Current climate change scenarios indicate warmer temperatures and the potential for more extreme droughts in the tropics, such that a mechanistic understanding of the water cycle from individual trees to landscapes is needed to adequately predict future changes in forest structure and function. In this study, we contrasted physiological responses of tropical trees during a normal dry season with the extreme dry season due to the 2015–2016 El Niño-Southern Oscillation (ENSO) event. We quantified high resolution temporal dynamics of sap velocity (Vs), stomatal conductance (gs) and leaf water potential (ΨL) of multiple canopy trees, and their correlations with leaf temperature (Tleaf) and environmental conditions [direct solar radiation, air temperature (Tair) and vapor pressure deficit (VPD)]. The experiment leveraged canopy access towers to measure adjacent trees at the ZF2 and Tapajós tropical forest research (near the cities of Manaus and Santarém). The temporal difference between the peak of gs (late morning) and the peak of VPD (early afternoon) is one of the major regulators of sap velocity hysteresis patterns. Sap velocity displayed species-specific diurnal hysteresis patterns reflected by changes in Tleaf.
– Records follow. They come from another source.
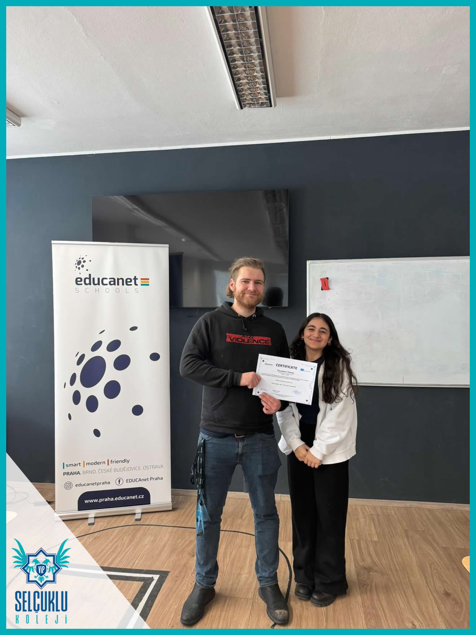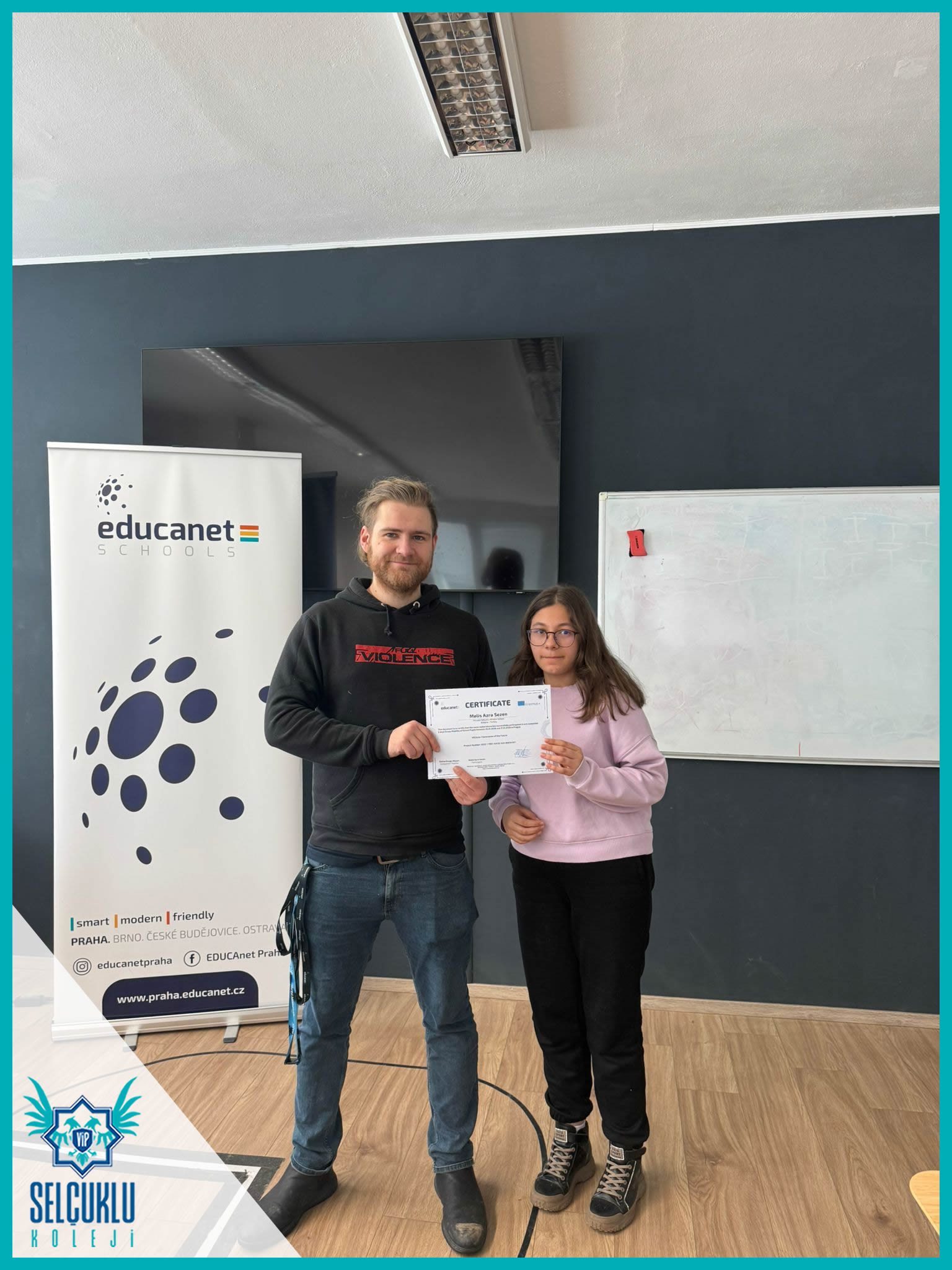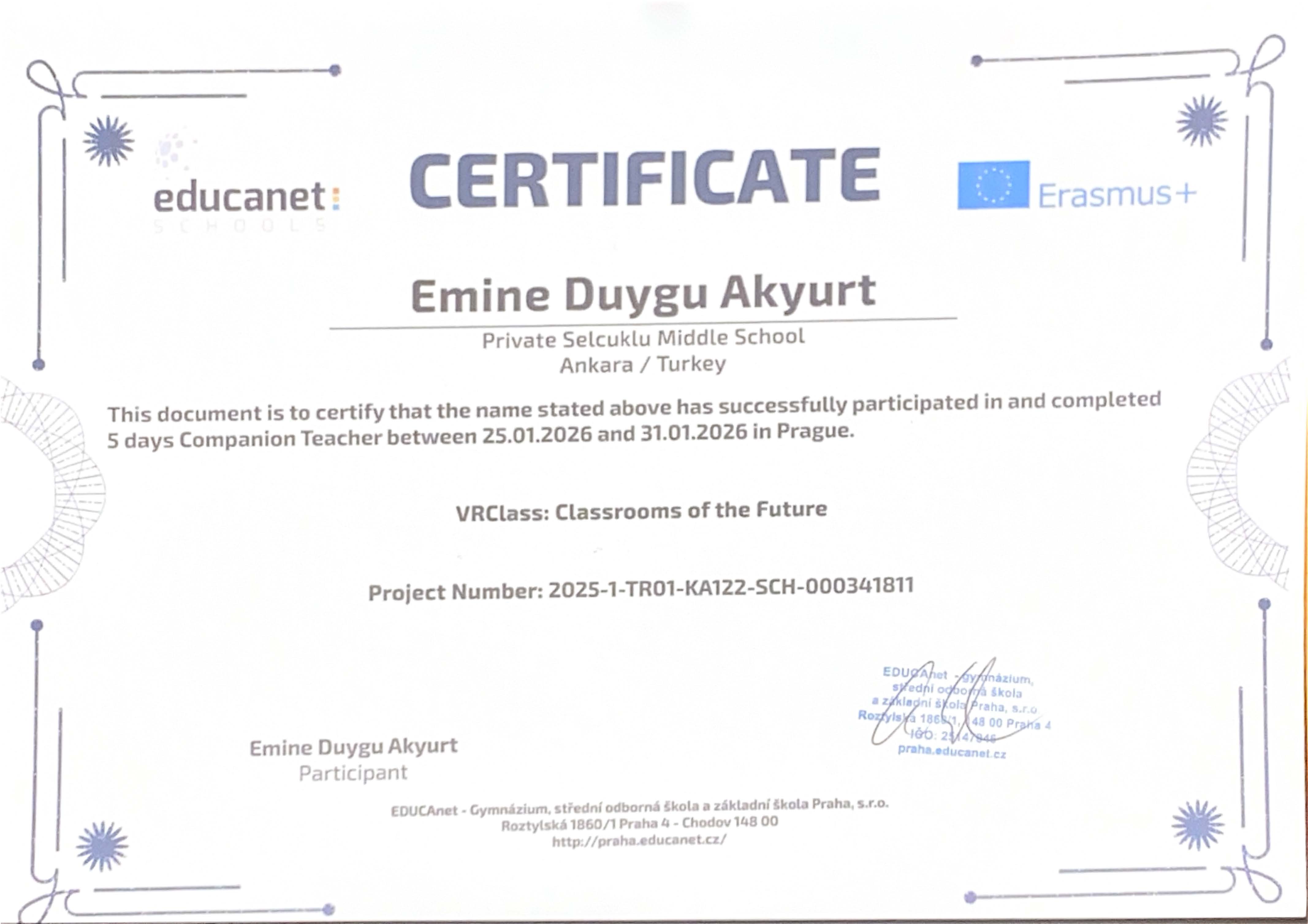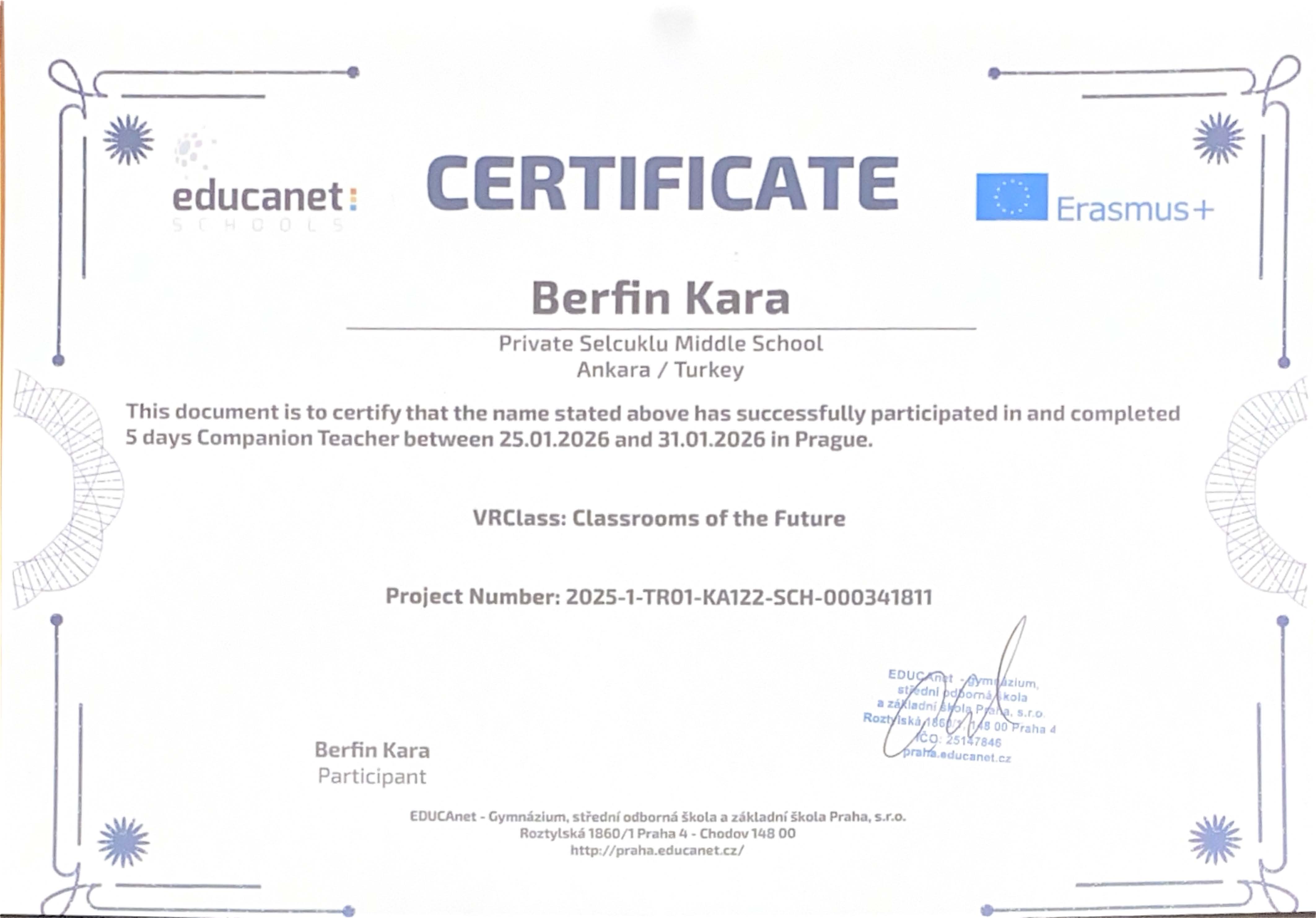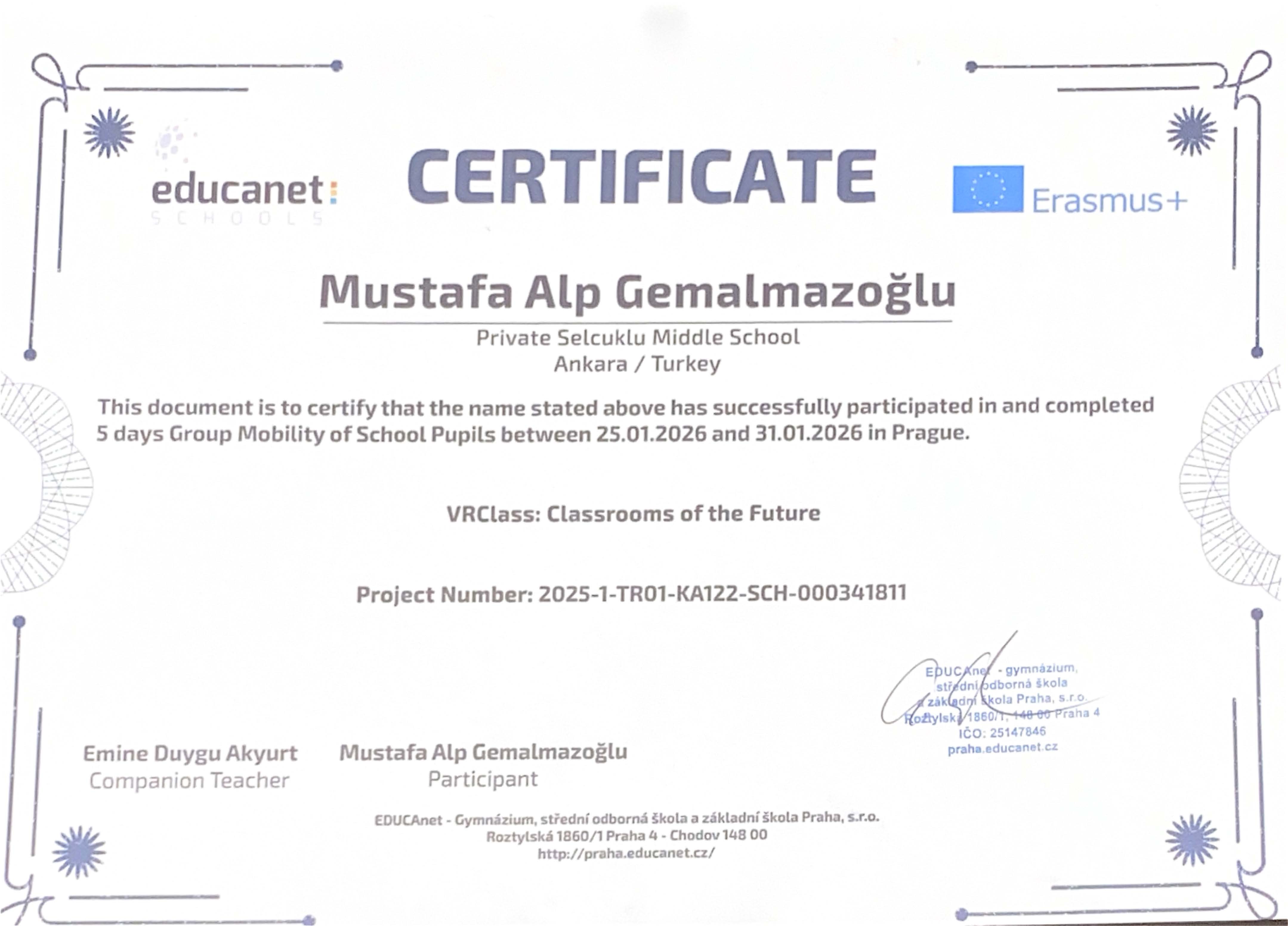 “VRClass: Classrooms of the Future” projesi kapsamında Prag’da gerçekleştirilen Erasmus+ Öğrenci Grup Hareketliliği ve İşbaşı Gözlem (Job Shadowing) faaliyetleri başarıyla tamamlanmıştır. Öğrencilerimiz, refakatçi yabancı dil rehber öğretmenlerimiz ve yöneticilerimiz, beş gün süren bu uluslararası öğrenme deneyimini Erasmus+ katılım sertifikalarıyla taçlandırmıştır.
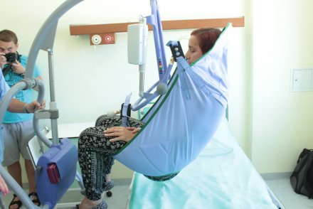 - Jest to wygoda szczególnie dla personelu, bo po długotrwałej pracy pielęgniarki odczuwały kłopoty z kręgosłupem. Także pacjenci mogą czuć się wygodnie w tym podnośniku. Udowodniła to podczas prezentacji jedna z pacjentek pulmonologii, Agnieszka Zblewska.
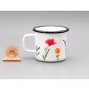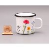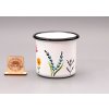 Plechový hrnek je ručně malovaný.
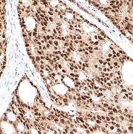 RBX1 was detected in immersion fixed paraffin-embedded sections of prostate tumor using Mouse Anti-Human RBX1 Monoclonal Antibody (Catalog # MAB11499) at 5 µg/ml for 1 hour at room temperature followed by incubation with the HRP-conjugated Anti-Mouse IgG Secondary Antibody (Catalog # HAF007) or the Anti-Mouse IgG VisUCyte™ HRP Polymer Antibody (Catalog # VC001). Before incubation with the primary antibody, tissue was subjected to heat-induced epitope retrieval using VisUCyte Antigen Retrieval Reagent-Basic (Catalog # VCTS021). Tissue was stained using DAB (brown) and counterstained with hematoxylin (blue). Specific staining was localized to the nucleus. View our protocol for Chromogenic IHC Staining of Paraffin-embedded Tissue Sections.
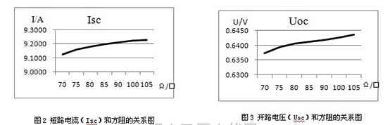 實驗結果表明:對于高電阻率的太陽能電池片,其輸出特性短路電流Isc和開路電壓Uoc會隨著方阻的增長呈線性增長趨勢,如圖2、3所示;填充因子FF會隨著方阻的增加呈緩慢下降
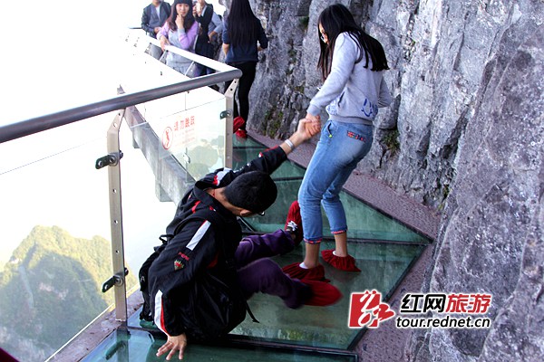 张家界玻璃栈道走红 小伙争相扶墙吓到腿软
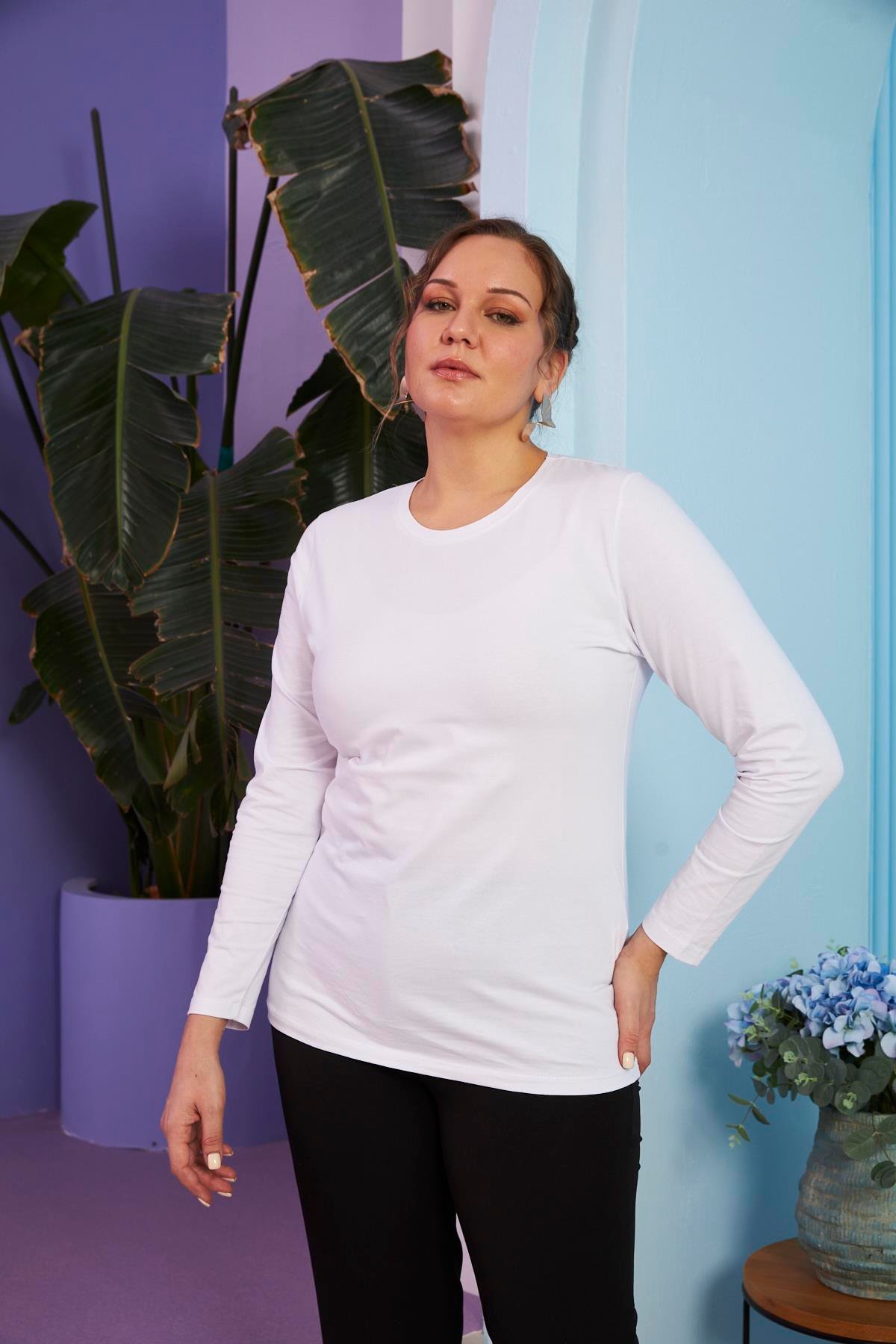 Bisiklet Yaka Uzun Kol Büyük Beden Beyaz Tişört (O4032-BEYAZ)

In the morning, Tleaf and sap velocity displayed a sigmoidal relationship. In the afternoon, stomatal conductance declined as Tleaf approached a daily peak, allowing ΨL to begin recovery, while sap velocity declined with an exponential relationship with Tleaf. In Manaus, hysteresis indices of the variables Tleaf-Tair and ΨL-Tleaf were calculated for different species and a significant difference (p < 0.01, α = 0.05) was observed when the 2015 dry season (ENSO period) was compared with the 2017 dry season (“control scenario”). In some days during the 2015 ENSO event, Tleaf approached 40°C for all studied species and the differences between Tleaf and Tair reached as high at 8°C (average difference: 1.65 ± 1.07°C). Generally, Tleaf was higher than Tair during the middle morning to early afternoon, and lower than Tair during the early morning, late afternoon and night. Our results support the hypothesis that partial stomatal closure allows for a recovery in ΨL during the afternoon period giving an observed counterclockwise hysteresis pattern between ΨL and Tleaf.

Highlights

  • Evapotranspiration by terrestrial ecosystems delivers an estimated 62,000 km3 of water to the atmosphere every year, with the majority associated with plant transpiration (Jasechko et al, 2013)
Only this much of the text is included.